11 Ways to Review and Edit Your Notes
- Read your notes within two hours or less of taking them. The rate that the human mind forgets things is beyond human belief.
- While reading your notes, try to decipher what you wrote in your notes. This can be difficult, at times, so you many need to ask a friend for help on this task.
- Use three pens. A dark, black pen to underline the key points in the lecture. A green (or other color) pen to underline points you are unclear of and will need to review in more depth later. A red pen to highlight the things your instructor says will definitely be on the exam.
- One technique which has been found to be successful is to attempt to paraphrase each important point that the instructor made in the lecture.
- Try to outline the contents of the lecture.
- Make a list of all of the important or key words. Keep that list at the front or back pages of your notebook for each course so you can reference it easily.
- After reading your notes within a couple hours at most, write three possible exam questions for each lecture.
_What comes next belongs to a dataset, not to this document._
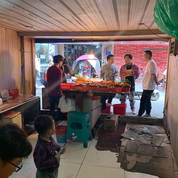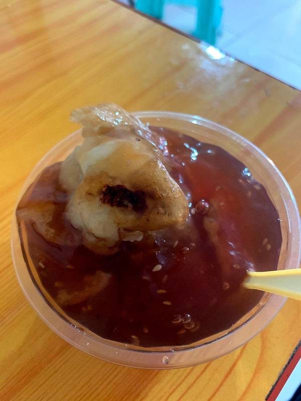 安顺真是美食的聚集地,听朋友说蒋记的炸香蕉是一绝,勾起了馋虫。他家店面在安顺传统的小吃街——顾府街的侧面小巷子里,还算好找。 门口的桌面上有不下10个品种的炸串,蔚为大观。首先点了招牌炸香蕉,香蕉很新鲜,掰下来后入锅油炸。 进屋静候,环境不佳:店里灯光昏暗,楼顶隔板感觉像木板搭的,好害怕会塌下来。 炸串配的辣椒面很细,和贵阳的不一样,入口香味十足,并不很辣,这样的辣椒面配油炸食品很靠谱! 最惊艳的是招牌炸香蕉,当老板抬了一个小碗上来,我还真没看出来是什么东西。正准备问,我没点冰粉啊,炸香蕉呢?拿勺子一搅,香蕉居然掰断了放在像藕粉一样的凝胶中。先舀一勺藕粉(暂且认为是),吃起来口感润滑细嫩,还不错。炸香蕉并没有因此而软掉,仍然倔强地保留了酥脆的外皮。这样的搭配真是别出心裁!让人惊叹!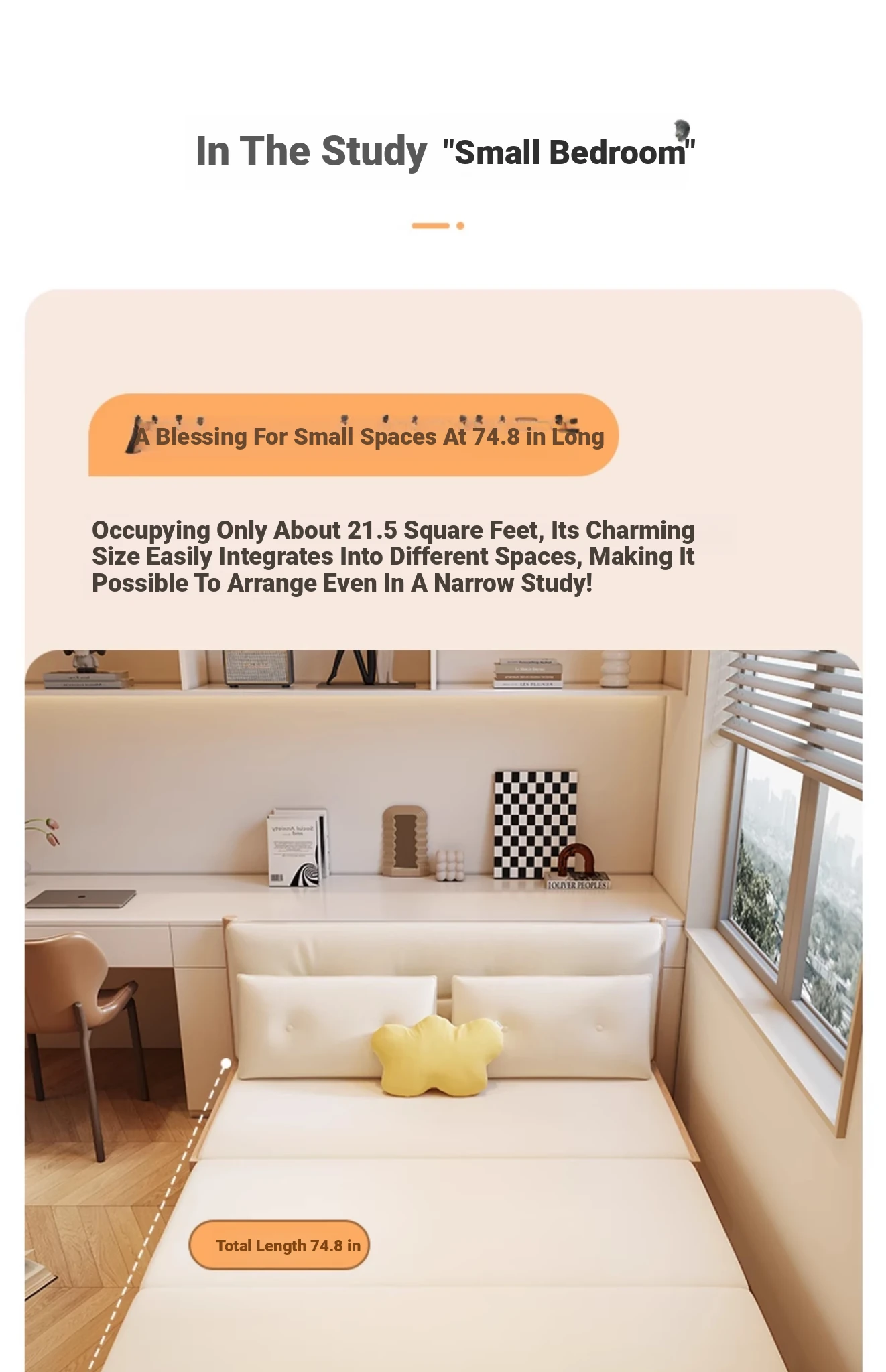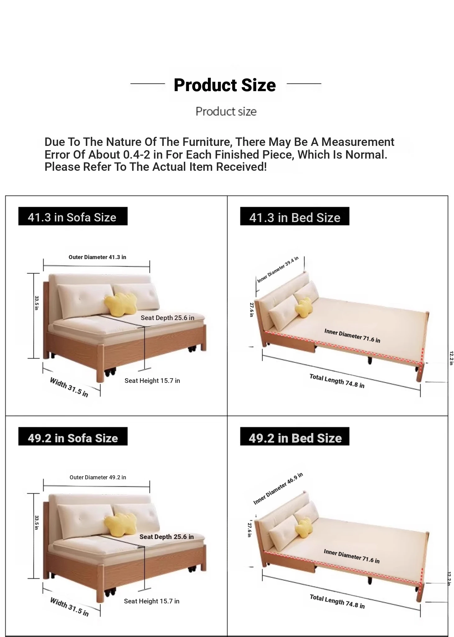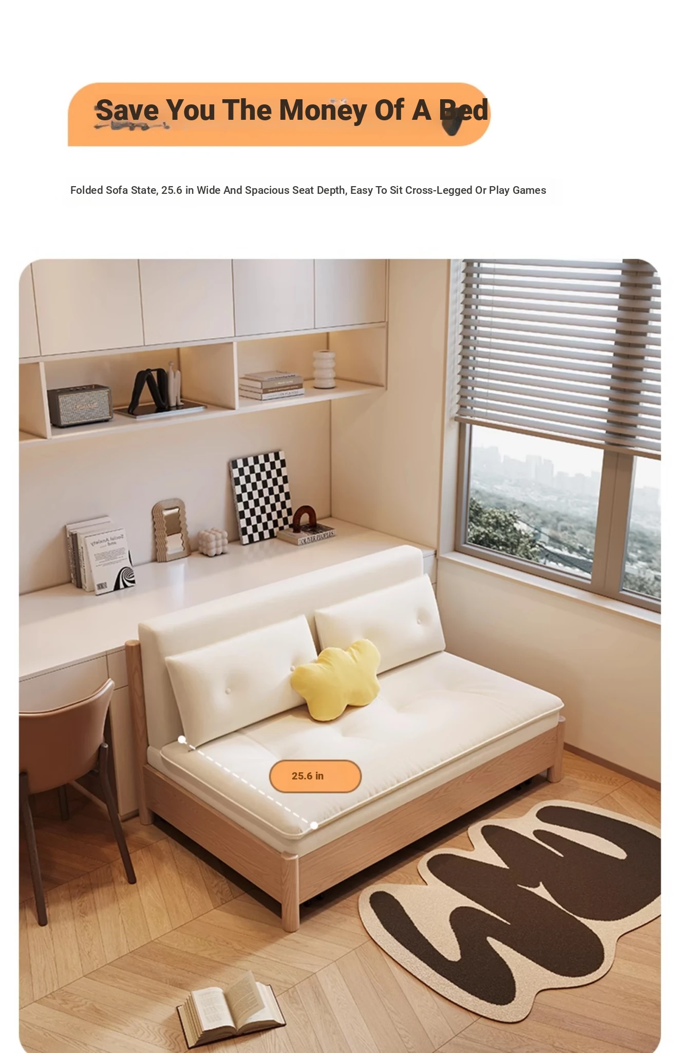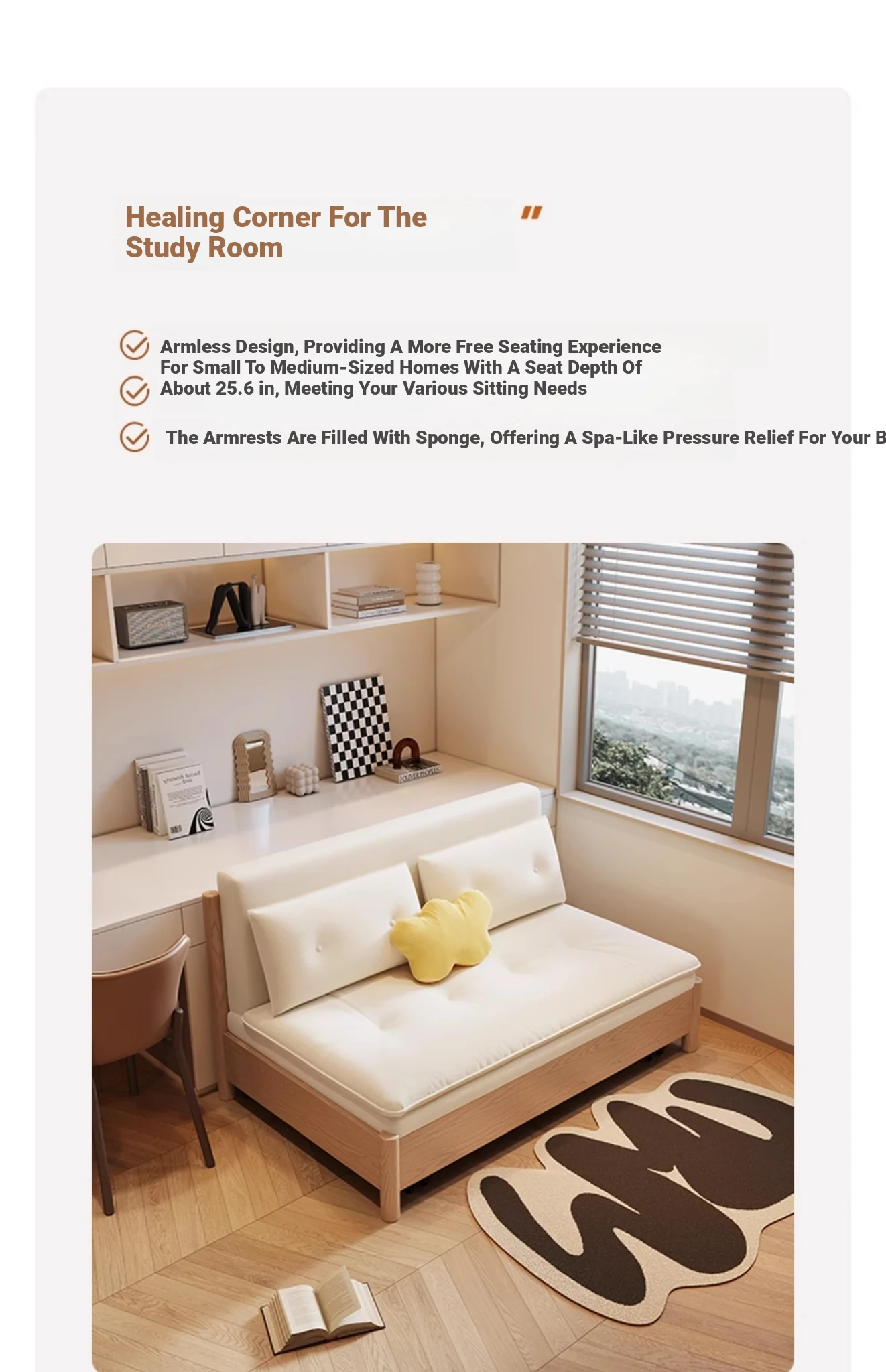 Elevate Your Space: Stylish Folding Solid Wood Sofa Bed – Versatile and Compact for Small Living Rooms and Balconies, Trendy Minimalist Design, Perfect Multi-Functional Solution for Modern Homes!

This may not seem particularly easy, at first, but after the first exam or two, you will start to get proficient at it.
- Try to answer the questions you just wrote in item 6 correctly.
- Keep a second notebook to keep a summary of each lecture. You may wonder if this is necessary. Do it anyway.
- Keep an audio tape journal of your progress in each course. Start the recorder when you are reviewing your notes and talk about what you think were the important points in that day's lecture. Later, listen to the notes you narrated.
- Take a short-course or seminar in note-taking.